*ASSIGNMENT:*
Every line of the records below that holds the word "base" belongs in the answer.

*RECORDS SHOWN:*
==========

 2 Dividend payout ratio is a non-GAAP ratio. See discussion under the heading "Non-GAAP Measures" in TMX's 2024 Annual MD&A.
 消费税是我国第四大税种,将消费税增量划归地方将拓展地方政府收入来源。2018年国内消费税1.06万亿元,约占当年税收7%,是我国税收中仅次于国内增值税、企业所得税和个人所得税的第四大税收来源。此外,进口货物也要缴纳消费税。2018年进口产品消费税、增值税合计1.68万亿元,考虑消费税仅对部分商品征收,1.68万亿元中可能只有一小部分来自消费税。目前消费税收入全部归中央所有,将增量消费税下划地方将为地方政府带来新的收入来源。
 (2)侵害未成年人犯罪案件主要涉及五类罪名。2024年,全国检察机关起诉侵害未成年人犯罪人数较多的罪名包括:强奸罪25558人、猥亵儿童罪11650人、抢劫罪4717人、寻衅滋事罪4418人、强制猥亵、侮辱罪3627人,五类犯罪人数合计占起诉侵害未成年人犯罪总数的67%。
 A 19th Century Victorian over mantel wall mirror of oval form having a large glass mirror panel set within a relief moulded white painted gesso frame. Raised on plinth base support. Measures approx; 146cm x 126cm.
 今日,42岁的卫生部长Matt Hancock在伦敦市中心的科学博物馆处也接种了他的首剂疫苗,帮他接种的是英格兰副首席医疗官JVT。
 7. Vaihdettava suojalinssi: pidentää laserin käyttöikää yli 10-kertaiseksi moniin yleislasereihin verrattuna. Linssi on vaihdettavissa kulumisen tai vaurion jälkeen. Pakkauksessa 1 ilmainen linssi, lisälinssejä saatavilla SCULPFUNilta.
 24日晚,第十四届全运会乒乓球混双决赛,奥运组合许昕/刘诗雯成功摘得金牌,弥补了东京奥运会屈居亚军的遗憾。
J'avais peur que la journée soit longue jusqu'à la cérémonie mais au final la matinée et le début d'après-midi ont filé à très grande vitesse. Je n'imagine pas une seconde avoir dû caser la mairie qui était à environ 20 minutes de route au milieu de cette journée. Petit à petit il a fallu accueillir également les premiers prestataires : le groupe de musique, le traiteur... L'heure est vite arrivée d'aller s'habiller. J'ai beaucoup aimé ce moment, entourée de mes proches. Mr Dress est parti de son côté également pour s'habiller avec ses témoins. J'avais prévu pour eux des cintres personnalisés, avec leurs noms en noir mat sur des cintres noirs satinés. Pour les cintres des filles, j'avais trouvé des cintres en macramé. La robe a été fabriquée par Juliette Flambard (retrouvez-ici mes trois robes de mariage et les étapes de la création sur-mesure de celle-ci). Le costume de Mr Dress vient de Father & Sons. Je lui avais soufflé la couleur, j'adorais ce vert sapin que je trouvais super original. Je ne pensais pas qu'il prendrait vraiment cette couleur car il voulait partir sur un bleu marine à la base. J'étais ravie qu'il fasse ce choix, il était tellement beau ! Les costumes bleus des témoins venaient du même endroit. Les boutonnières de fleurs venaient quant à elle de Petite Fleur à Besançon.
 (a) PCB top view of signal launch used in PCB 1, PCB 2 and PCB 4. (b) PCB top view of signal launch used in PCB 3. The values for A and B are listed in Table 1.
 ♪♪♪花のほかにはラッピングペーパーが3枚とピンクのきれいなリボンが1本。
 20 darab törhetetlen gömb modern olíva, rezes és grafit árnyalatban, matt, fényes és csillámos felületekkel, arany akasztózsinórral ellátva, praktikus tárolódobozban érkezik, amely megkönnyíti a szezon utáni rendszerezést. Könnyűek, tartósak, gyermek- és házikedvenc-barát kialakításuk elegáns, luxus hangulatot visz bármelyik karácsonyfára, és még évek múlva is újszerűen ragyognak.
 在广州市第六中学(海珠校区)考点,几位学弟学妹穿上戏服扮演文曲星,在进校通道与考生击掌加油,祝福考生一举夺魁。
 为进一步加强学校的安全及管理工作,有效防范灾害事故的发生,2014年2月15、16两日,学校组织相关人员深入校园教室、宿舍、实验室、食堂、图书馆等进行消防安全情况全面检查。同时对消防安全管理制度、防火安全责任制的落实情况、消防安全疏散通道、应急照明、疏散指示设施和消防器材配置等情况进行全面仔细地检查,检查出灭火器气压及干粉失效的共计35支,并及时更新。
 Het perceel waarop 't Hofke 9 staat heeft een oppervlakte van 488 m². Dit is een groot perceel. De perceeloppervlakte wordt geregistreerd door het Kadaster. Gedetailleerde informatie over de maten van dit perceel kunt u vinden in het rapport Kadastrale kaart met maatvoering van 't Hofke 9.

==========

*RESULT:*
 A 19th Century Victorian over mantel wall mirror of oval form having a large glass mirror panel set within a relief moulded white painted gesso frame. Raised on plinth base support. Measures approx; 146cm x 126cm.
J'avais peur que la journée soit longue jusqu'à la cérémonie mais au final la matinée et le début d'après-midi ont filé à très grande vitesse. Je n'imagine pas une seconde avoir dû caser la mairie qui était à environ 20 minutes de route au milieu de cette journée. Petit à petit il a fallu accueillir également les premiers prestataires : le groupe de musique, le traiteur... L'heure est vite arrivée d'aller s'habiller. J'ai beaucoup aimé ce moment, entourée de mes proches. Mr Dress est parti de son côté également pour s'habiller avec ses témoins. J'avais prévu pour eux des cintres personnalisés, avec leurs noms en noir mat sur des cintres noirs satinés. Pour les cintres des filles, j'avais trouvé des cintres en macramé. La robe a été fabriquée par Juliette Flambard (retrouvez-ici mes trois robes de mariage et les étapes de la création sur-mesure de celle-ci). Le costume de Mr Dress vient de Father & Sons. Je lui avais soufflé la couleur, j'adorais ce vert sapin que je trouvais super original. Je ne pensais pas qu'il prendrait vraiment cette couleur car il voulait partir sur un bleu marine à la base. J'étais ravie qu'il fasse ce choix, il était tellement beau ! Les costumes bleus des témoins venaient du même endroit. Les boutonnières de fleurs venaient quant à elle de Petite Fleur à Besançon.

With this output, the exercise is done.